__PROVIDED DATA__.
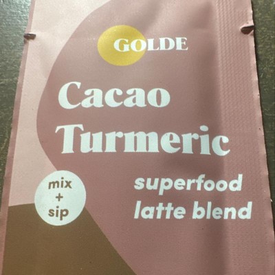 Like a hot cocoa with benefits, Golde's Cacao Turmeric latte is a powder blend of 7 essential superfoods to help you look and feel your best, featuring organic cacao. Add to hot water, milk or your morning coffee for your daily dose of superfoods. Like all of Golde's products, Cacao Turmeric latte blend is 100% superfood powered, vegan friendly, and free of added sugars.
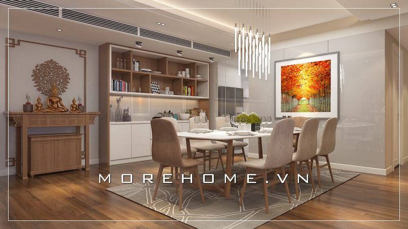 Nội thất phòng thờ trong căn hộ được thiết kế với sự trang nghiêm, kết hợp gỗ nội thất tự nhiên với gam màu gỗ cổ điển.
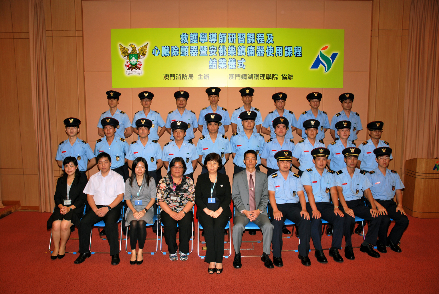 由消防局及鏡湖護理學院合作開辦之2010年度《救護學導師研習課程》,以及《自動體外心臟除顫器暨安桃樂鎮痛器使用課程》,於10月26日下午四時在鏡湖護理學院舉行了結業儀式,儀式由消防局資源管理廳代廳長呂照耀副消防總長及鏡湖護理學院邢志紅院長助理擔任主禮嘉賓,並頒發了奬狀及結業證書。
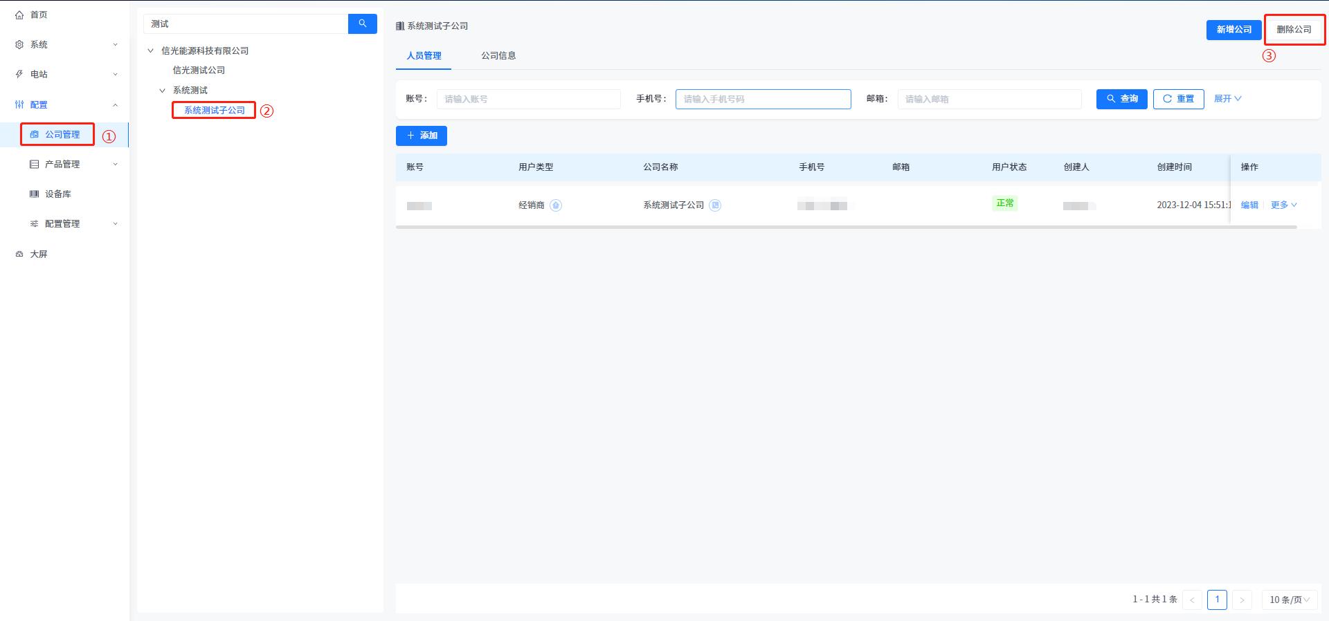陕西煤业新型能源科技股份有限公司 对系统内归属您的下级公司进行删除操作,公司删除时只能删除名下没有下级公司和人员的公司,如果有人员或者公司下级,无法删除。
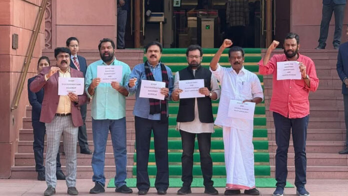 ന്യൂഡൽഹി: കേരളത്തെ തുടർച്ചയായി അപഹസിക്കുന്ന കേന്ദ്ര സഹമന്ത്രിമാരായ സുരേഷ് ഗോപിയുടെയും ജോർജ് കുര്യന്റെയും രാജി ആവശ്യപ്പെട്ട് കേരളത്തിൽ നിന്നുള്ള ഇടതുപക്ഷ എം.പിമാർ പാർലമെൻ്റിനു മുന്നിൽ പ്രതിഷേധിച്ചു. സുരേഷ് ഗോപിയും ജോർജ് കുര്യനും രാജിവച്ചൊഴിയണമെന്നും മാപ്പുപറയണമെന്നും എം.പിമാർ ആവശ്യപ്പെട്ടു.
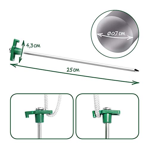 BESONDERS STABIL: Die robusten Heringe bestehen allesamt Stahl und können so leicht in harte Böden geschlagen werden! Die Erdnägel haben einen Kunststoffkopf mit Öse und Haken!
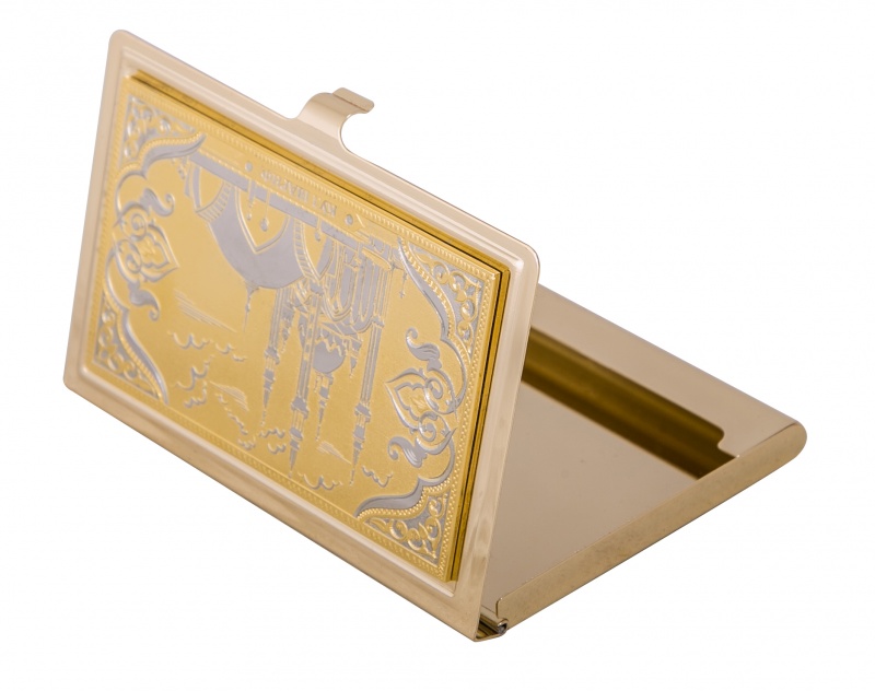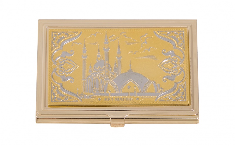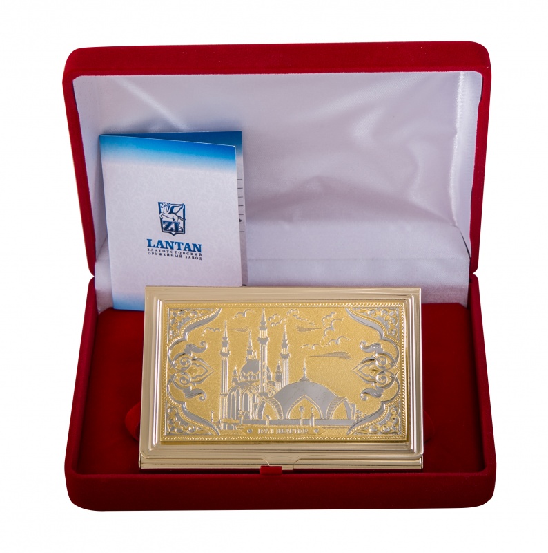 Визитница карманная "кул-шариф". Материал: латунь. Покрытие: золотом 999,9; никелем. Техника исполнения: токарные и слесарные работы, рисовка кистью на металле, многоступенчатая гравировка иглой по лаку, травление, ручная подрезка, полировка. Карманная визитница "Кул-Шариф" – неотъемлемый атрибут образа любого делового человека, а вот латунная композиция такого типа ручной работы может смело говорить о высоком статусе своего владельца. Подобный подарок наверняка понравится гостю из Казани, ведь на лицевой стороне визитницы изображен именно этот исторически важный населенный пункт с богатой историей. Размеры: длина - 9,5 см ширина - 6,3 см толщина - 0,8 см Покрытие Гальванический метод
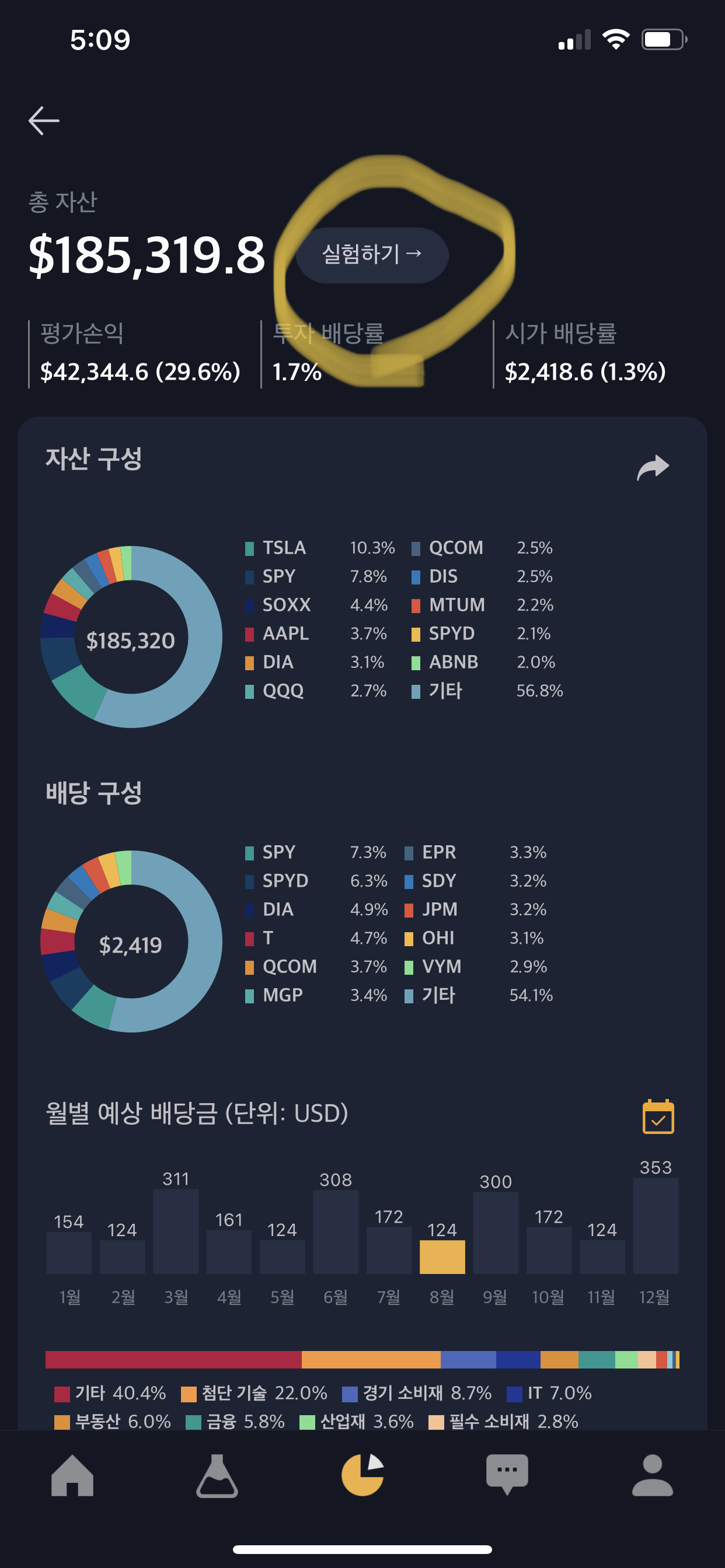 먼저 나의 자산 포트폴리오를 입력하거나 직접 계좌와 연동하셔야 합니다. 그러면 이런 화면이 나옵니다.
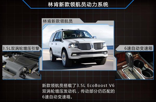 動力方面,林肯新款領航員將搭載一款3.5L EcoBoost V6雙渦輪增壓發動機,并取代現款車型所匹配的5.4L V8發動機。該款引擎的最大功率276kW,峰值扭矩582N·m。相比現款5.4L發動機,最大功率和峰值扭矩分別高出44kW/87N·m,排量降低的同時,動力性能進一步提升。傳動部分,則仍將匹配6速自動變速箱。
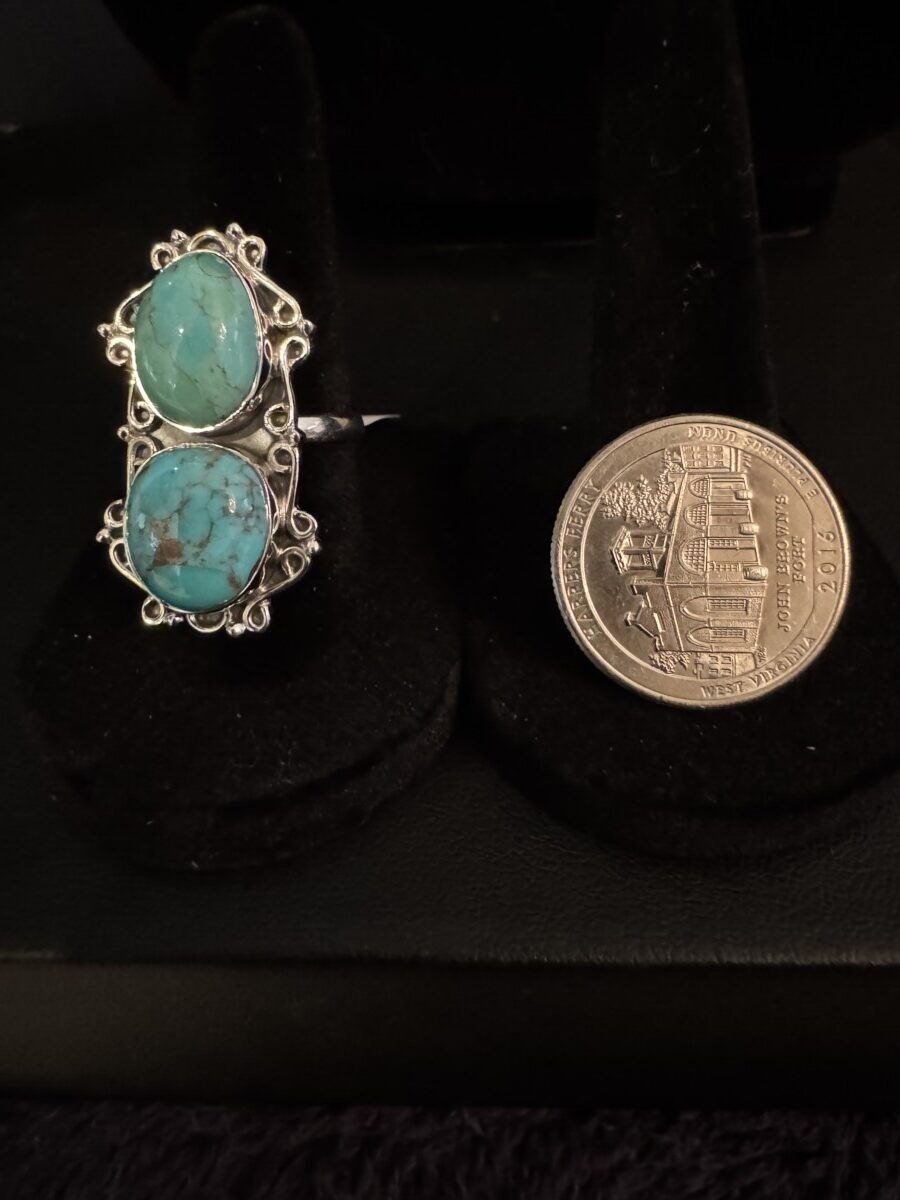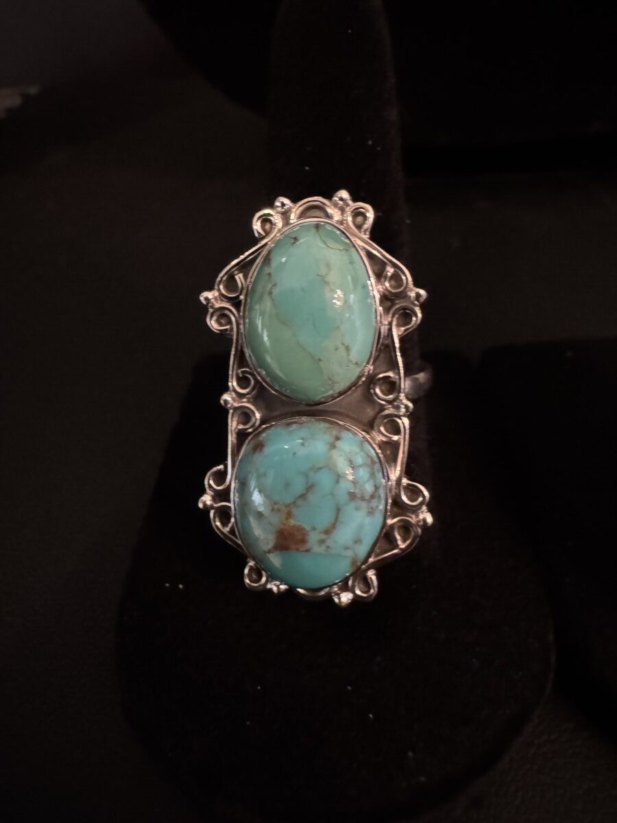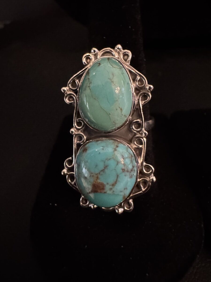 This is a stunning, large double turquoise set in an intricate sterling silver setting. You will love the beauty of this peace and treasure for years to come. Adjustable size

__WHAT THE EXERCISE ASKS__.
While skipping the pictures, transcribe the data above from the line showing "陕西煤业新型能源科技股份有限" through the line showing "ന്യൂഡൽഹി: കേരളത്തെ തുടർച്ചയായി", exactly and with both ends.

__TASK RESULT__.
陕西煤业新型能源科技股份有限公司 对系统内归属您的下级公司进行删除操作,公司删除时只能删除名下没有下级公司和人员的公司,如果有人员或者公司下级,无法删除。
 ന്യൂഡൽഹി: കേരളത്തെ തുടർച്ചയായി അപഹസിക്കുന്ന കേന്ദ്ര സഹമന്ത്രിമാരായ സുരേഷ് ഗോപിയുടെയും ജോർജ് കുര്യന്റെയും രാജി ആവശ്യപ്പെട്ട് കേരളത്തിൽ നിന്നുള്ള ഇടതുപക്ഷ എം.പിമാർ പാർലമെൻ്റിനു മുന്നിൽ പ്രതിഷേധിച്ചു. സുരേഷ് ഗോപിയും ജോർജ് കുര്യനും രാജിവച്ചൊഴിയണമെന്നും മാപ്പുപറയണമെന്നും എം.പിമാർ ആവശ്യപ്പെട്ടു.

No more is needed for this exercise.